# Создание словаря для symspell

Создадим словарь на основе справочников профессий HH.RU и общероссийского классификатора занятий [ОК 010-2014 (МСКЗ-08)](https://data.mos.ru/classifier/7710168515-obshcherossiyskiy-klassifikator-zanyatiy?pageNumber=58&versionNumber=1&releaseNumber=1). Русскоязычная версия [ISCO08](https://esco.ec.europa.eu/en/classification/occupation_main).

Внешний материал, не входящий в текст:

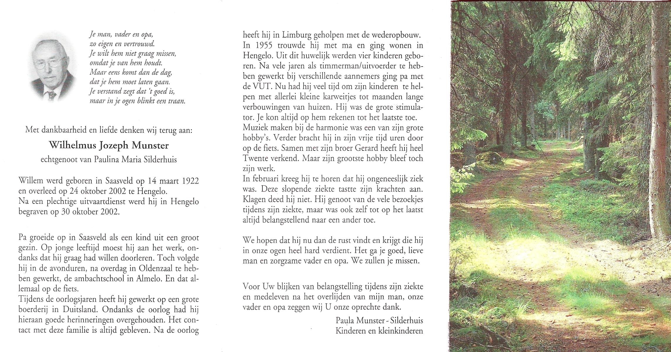 MUNSTER, Wilhelmus Jozeph, geboren op 14-3-1922 te Saasveld, overleden op 24-10-2002 te Hengelo (Ov.) op 80-jarige leeftijd, begraven op 30-10-2002 te Hengelo (Ov.).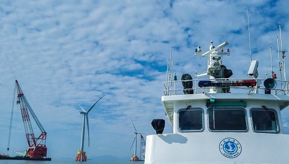 二是主動落位,突出一線監管。順應基層海事模式化改革要求,加強執法力量傾向一線,并聯合施工方對安全保障措施和警戒方案進行評估,制定節假日期間重點水工巡航游弋計劃,結合“互聯網+海事”信息化應用強化風電施工水域的電子巡航和海上巡查,積極探索構建海上風電施工無人機巡檢機制,工程施工以來,舟山海事部門累計開展海上風電施工巡查74次,對施工水域設置的燈浮、AIS航標及3座海上風機高承臺工程開展夜查8次;有效保障海上風電項目建設工作安全平穩推進。
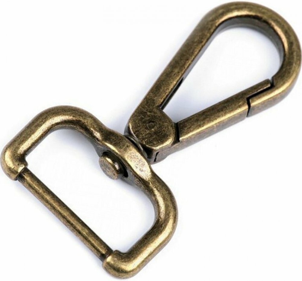 Kovová karabina otočná, průvlek 25 mm - staromosaz (10 ks)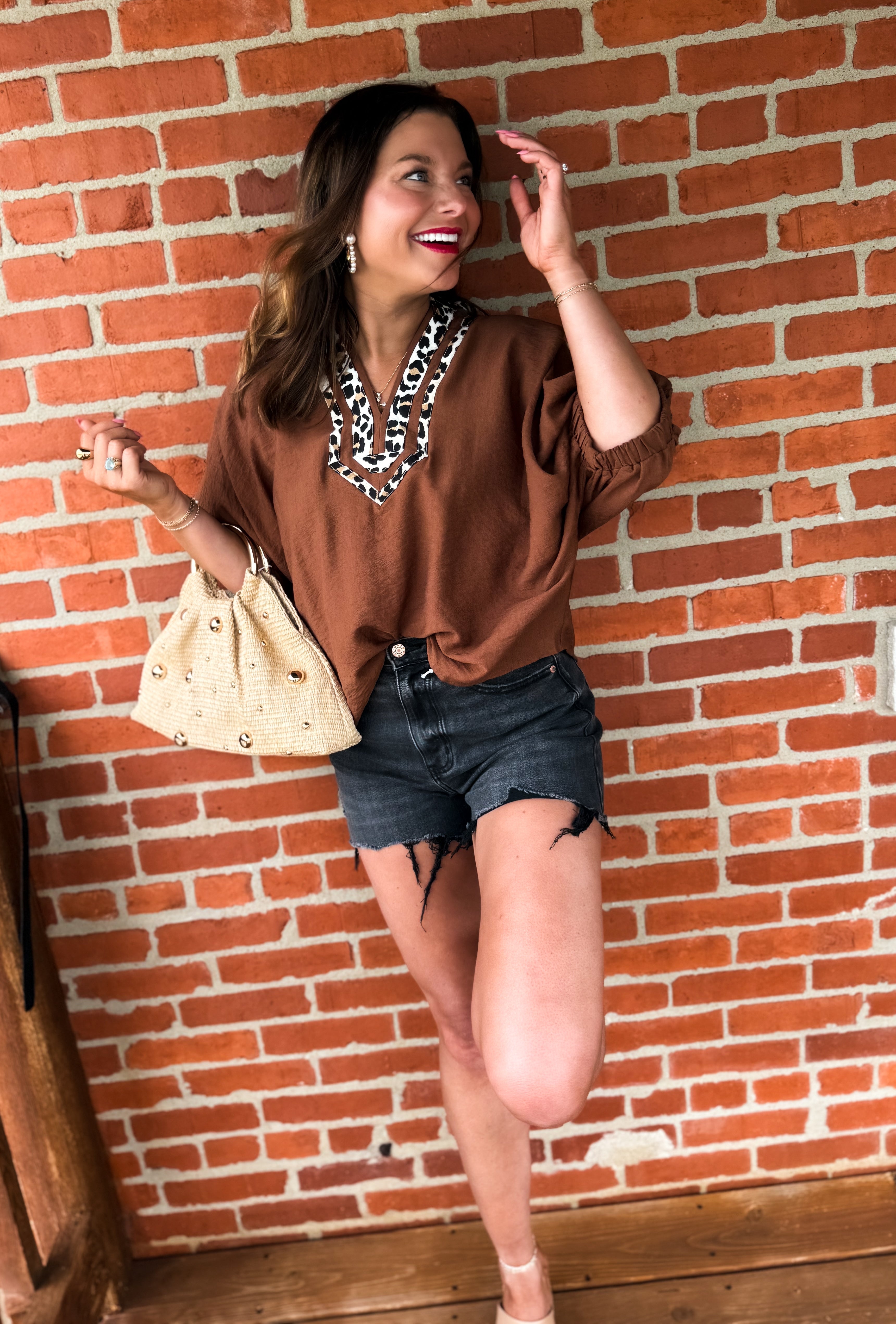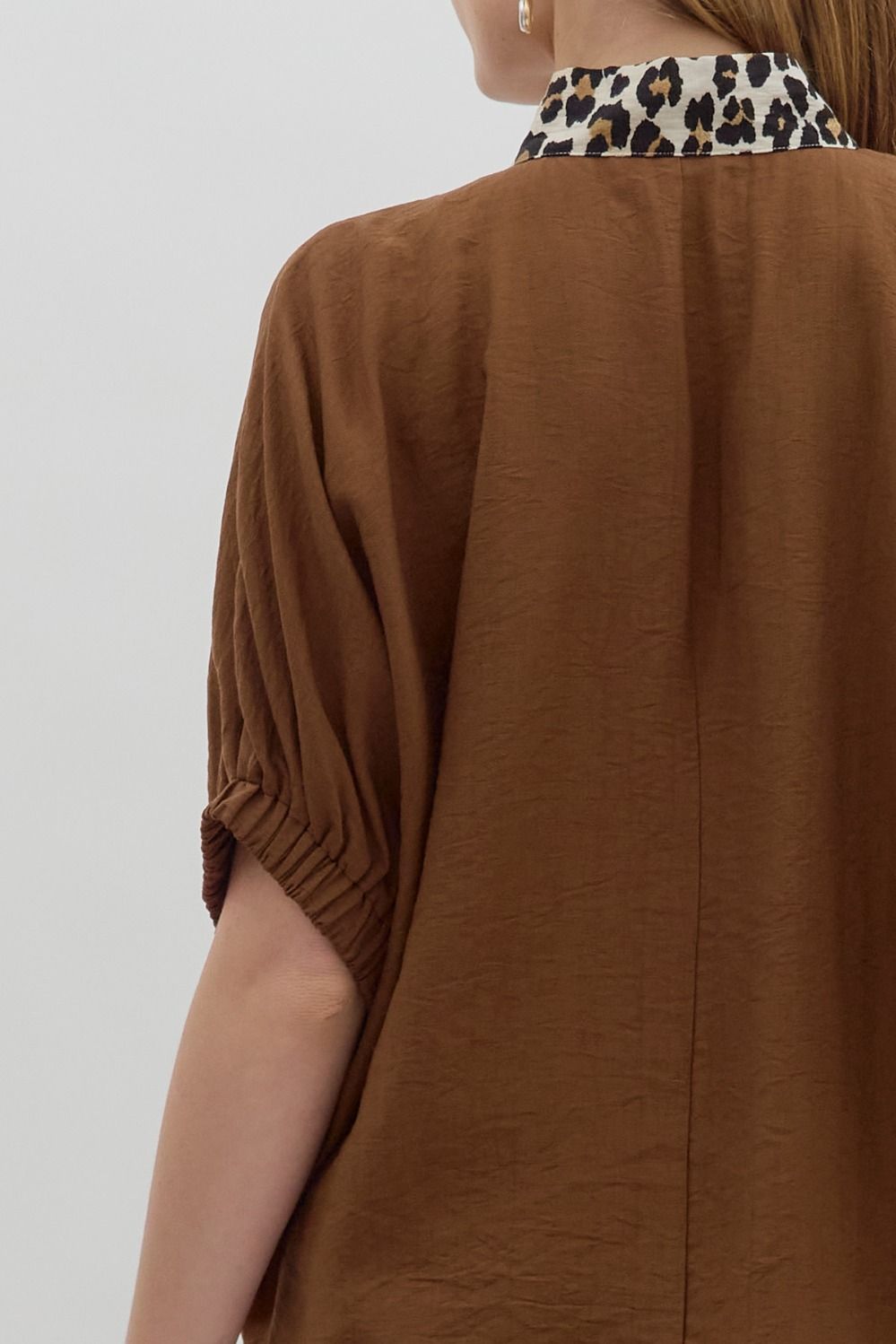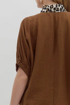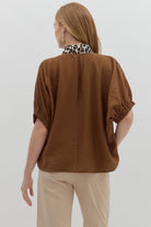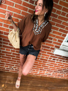 Embrace effortless style with the Mocha Muse Blouse, featuring a playful camel base and bold leopard print trim. Its solid elasticated sleeve bands and dolman silhouette offer comfort and ease, while the caftan-inspired split neck adds a chic touch. Lightweight and woven, this non-sheer top is perfect for layering or wearing on its own for a fun, fashionable look.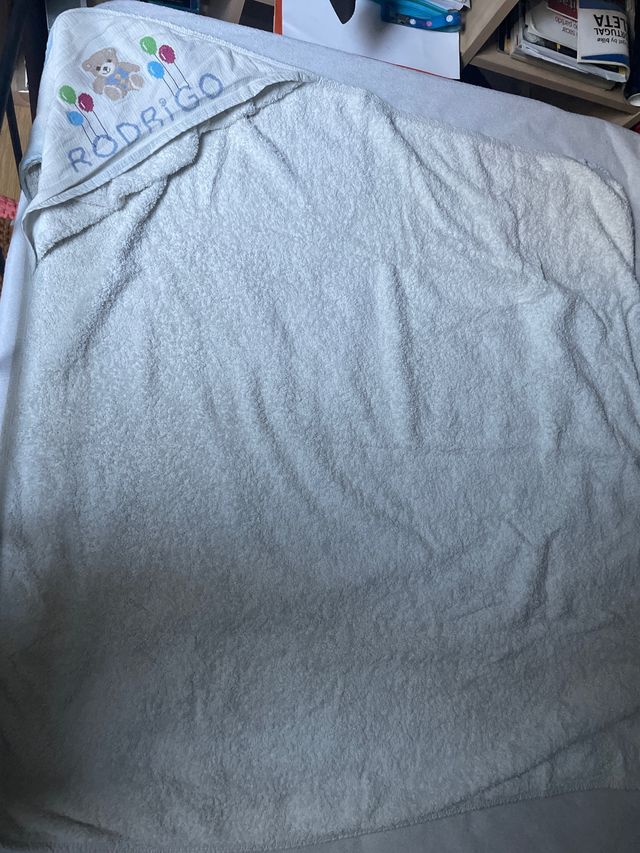 Detalhes do produtoToalha de banho infantil com capuz, personalizada com o nome Rodrigo. Possui um desenho de um ursinho com balões.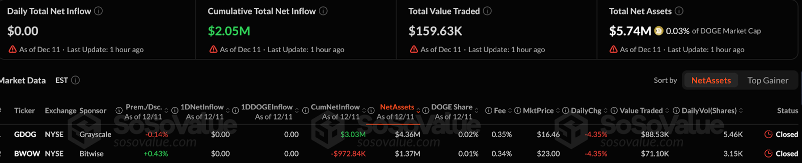 根据最新SoSoValue数据,截至目前DOGE现货ETF的历史累计净流入约2.05百万美元,这显示资金配置极为有限。交易活跃度层面,DOGE ETF的成交额总体也较冷。尽管首日成交额曾出现几百万美元的交易,但总体成交结构并不均衡、常常伴随资金进出稀疏的情形。这样的成交表现表明机构资金不愿意在DOGE ETF中深度配置。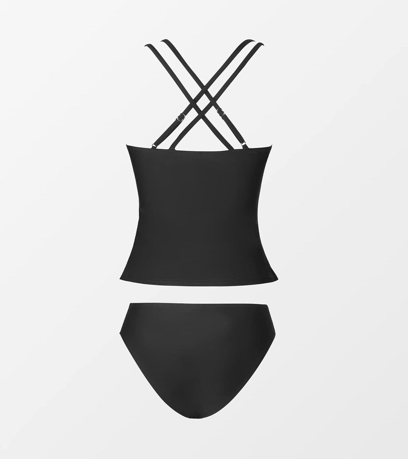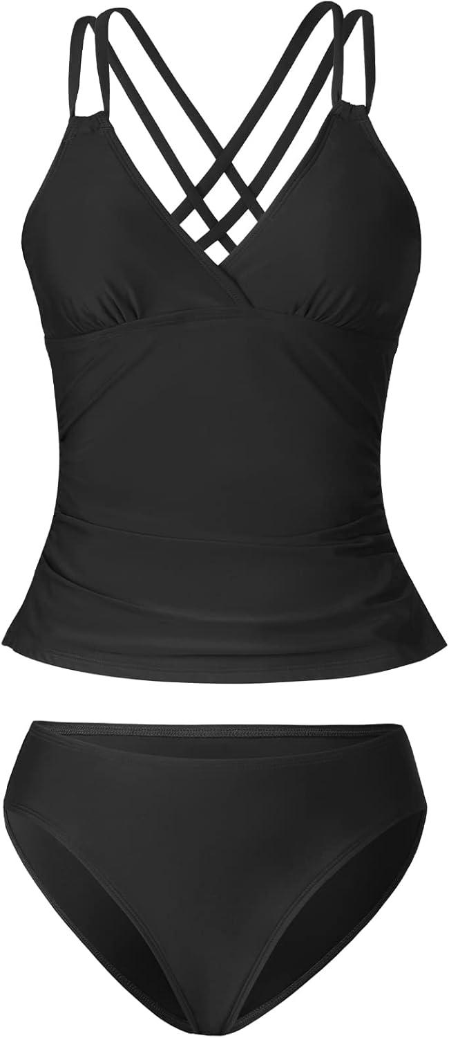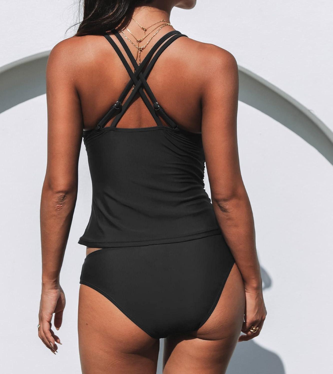 CUPSHE Women’s Tankini Sets Two Piece Swimsuit V Neck Crisscross Adjustable Double Straps Ruched Mid Rise(Black)

Для каждого слова внесем в словарь все словоформы.

## Загрузка библиотек

In [20]:
import pandas as pd
import re

In [21]:
from symspellpy import SymSpell, Verbosity
import pymorphy2

In [22]:
from nltk.tokenize import word_tokenize
from nltk import download
from nltk.corpus import stopwords
download('punkt')
download('stopwords')

[nltk_data] Downloading package punkt to
[nltk_data]     /Users/dkharitonov/nltk_data...
[nltk_data]   Package punkt is already up-to-date!
[nltk_data] Downloading package stopwords to
[nltk_data]     /Users/dkharitonov/nltk_data...
[nltk_data]   Package stopwords is already up-to-date!


True

In [23]:
import sys
sys.path.append('../')
from src import drop_stopwords, tokenize_drop_punkt

In [24]:
MA = pymorphy2.MorphAnalyzer()

## Загрузка данных

In [25]:
isco08 = pd.read_csv('../datasets/external/ok-010-2014_ISCO-08_ru.csv', encoding = 'cp1251', sep=';')
roles = pd.read_csv('../datasets/external/hh_prof_roles.csv')
specialities = pd.read_csv('../datasets/external/hh_prof_specializations.csv')

## Функции

In [26]:
def morh_analyse(word: str) -> list:
    result = []

    phrase = MA.parse(word)[0]
    tag = phrase.tag
    if 'LATN' in tag:
        result = [word]
    else:
        result = [p.word for p in phrase.lexeme]

    return result

## Формирование словаря

In [31]:
docs = []
text = (isco08.NAME.to_list() 
        + roles.category_name.to_list() 
        + roles.prof_name.to_list()
        + specialities.category_name.to_list()
        + specialities.prof_name.to_list())

for sentence in text:
    tokens = drop_stopwords(tokenize_drop_punkt(sentence))
    for token in tokens:
        docs += morh_analyse(token)

dictionary = pd.Series(docs, name='term').value_counts().reset_index(level=0)
dictionary.columns = ['term', 'count']

Объединим словарь профессий со словарем symspell.

In [32]:
symdict = pd.read_csv('../models/symspell/ru-100k.txt', sep=' ', header=0)
symdict.columns = ['term', 'count']

In [67]:
merged_dict = symdict.merge(dictionary, how='outer', on='term', suffixes=('sym', 'prof'))


In [68]:
merged_dict.countsym.fillna(0, inplace=True)
merged_dict.countprof.fillna(0, inplace=True)
merged_dict['countprof'] *= 45000
merged_dict['count'] = (merged_dict['countsym'] + merged_dict['countprof']).astype('int')
merged_dict.drop(['countsym', 'countprof'], axis=1, inplace=True)

In [69]:
merged_dict.sort_values(by='count', ascending=False).to_csv('../models/symspell/professions.txt', sep=' ', header=False, index=False)

## Проверка загрузки

In [2]:
sym_spell = SymSpell(max_dictionary_edit_distance=3, prefix_length=7)
dictionary_path = '../models/symspell/professions.txt'
sym_spell.load_dictionary(dictionary_path, 0, 1)

True

In [7]:
input_term = 'инжинер'
suggestions = sym_spell.lookup(input_term, Verbosity.CLOSEST, include_unknown=True)

In [8]:
for suggestion in suggestions:
    print(suggestion)

инженер, 1, 25


## Вывод

Мы создали и сохранили словарь для исправления опечаток в названиях профессий.